╭─ Data supplied

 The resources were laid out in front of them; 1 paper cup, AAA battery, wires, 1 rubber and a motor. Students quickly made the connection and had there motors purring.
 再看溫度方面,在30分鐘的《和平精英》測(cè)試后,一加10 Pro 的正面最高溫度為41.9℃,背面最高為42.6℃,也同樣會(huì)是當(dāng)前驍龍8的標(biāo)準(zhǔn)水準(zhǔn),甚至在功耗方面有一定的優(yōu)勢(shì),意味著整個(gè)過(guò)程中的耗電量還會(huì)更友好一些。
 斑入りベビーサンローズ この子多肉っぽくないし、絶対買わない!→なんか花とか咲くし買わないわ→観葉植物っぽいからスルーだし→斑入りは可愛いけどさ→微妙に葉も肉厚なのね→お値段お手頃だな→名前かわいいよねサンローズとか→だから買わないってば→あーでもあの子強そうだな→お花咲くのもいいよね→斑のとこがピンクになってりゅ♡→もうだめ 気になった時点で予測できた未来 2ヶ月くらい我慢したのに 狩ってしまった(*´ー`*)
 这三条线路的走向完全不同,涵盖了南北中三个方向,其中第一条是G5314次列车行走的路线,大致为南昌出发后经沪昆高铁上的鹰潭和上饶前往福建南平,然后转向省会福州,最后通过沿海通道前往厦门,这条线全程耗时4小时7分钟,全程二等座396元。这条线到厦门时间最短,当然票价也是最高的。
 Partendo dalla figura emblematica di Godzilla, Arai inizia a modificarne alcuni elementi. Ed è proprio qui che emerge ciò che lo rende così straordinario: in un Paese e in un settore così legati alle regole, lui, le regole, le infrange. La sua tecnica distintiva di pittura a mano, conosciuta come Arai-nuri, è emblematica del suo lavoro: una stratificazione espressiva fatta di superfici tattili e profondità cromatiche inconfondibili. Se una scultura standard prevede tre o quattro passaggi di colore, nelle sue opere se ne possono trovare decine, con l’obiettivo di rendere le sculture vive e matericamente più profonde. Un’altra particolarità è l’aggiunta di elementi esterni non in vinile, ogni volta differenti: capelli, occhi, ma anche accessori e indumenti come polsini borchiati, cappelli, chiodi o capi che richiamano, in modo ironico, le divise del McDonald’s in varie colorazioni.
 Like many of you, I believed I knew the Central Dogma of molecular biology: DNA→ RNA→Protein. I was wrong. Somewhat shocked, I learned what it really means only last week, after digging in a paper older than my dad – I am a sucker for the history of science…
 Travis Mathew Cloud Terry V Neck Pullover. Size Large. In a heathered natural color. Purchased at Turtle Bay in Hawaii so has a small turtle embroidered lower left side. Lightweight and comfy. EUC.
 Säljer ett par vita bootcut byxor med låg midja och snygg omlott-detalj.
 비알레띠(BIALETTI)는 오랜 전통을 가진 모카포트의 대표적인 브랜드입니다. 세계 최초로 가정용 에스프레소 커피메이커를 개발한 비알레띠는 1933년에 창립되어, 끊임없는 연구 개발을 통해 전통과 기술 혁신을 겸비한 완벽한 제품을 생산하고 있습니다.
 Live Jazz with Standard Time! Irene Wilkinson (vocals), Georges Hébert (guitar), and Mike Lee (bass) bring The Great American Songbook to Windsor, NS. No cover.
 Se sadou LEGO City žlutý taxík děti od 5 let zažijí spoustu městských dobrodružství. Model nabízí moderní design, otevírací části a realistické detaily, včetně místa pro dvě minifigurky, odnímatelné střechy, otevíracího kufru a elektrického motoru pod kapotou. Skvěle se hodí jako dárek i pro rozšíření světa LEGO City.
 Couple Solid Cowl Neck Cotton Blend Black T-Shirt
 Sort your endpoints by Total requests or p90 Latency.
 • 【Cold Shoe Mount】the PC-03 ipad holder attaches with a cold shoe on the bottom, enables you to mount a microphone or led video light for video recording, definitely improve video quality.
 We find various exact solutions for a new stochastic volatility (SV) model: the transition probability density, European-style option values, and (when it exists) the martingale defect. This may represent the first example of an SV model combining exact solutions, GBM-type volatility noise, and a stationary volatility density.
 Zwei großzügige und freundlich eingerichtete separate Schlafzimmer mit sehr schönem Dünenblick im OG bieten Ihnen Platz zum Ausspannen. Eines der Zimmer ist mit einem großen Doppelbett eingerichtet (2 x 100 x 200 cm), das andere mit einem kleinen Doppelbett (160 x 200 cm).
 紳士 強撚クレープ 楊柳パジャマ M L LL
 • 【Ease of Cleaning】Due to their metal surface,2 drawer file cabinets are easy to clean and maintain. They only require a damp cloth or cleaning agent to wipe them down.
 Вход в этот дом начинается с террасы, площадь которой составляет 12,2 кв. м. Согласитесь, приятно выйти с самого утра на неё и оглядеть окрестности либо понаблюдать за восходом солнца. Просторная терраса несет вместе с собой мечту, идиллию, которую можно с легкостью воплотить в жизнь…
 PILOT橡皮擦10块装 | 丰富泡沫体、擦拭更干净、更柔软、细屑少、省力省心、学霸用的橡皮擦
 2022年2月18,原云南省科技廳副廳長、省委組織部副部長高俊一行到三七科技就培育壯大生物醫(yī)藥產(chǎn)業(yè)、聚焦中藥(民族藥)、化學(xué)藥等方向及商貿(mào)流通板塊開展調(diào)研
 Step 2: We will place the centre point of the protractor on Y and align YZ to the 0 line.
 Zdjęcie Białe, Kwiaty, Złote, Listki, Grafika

╰─

Activity
From the line with "Step 2: We will" through the last line of the records, set down every line exactly as written and leave out all others.

Answer to this problem
 Step 2: We will place the centre point of the protractor on Y and align YZ to the 0 line.
 Zdjęcie Białe, Kwiaty, Złote, Listki, Grafika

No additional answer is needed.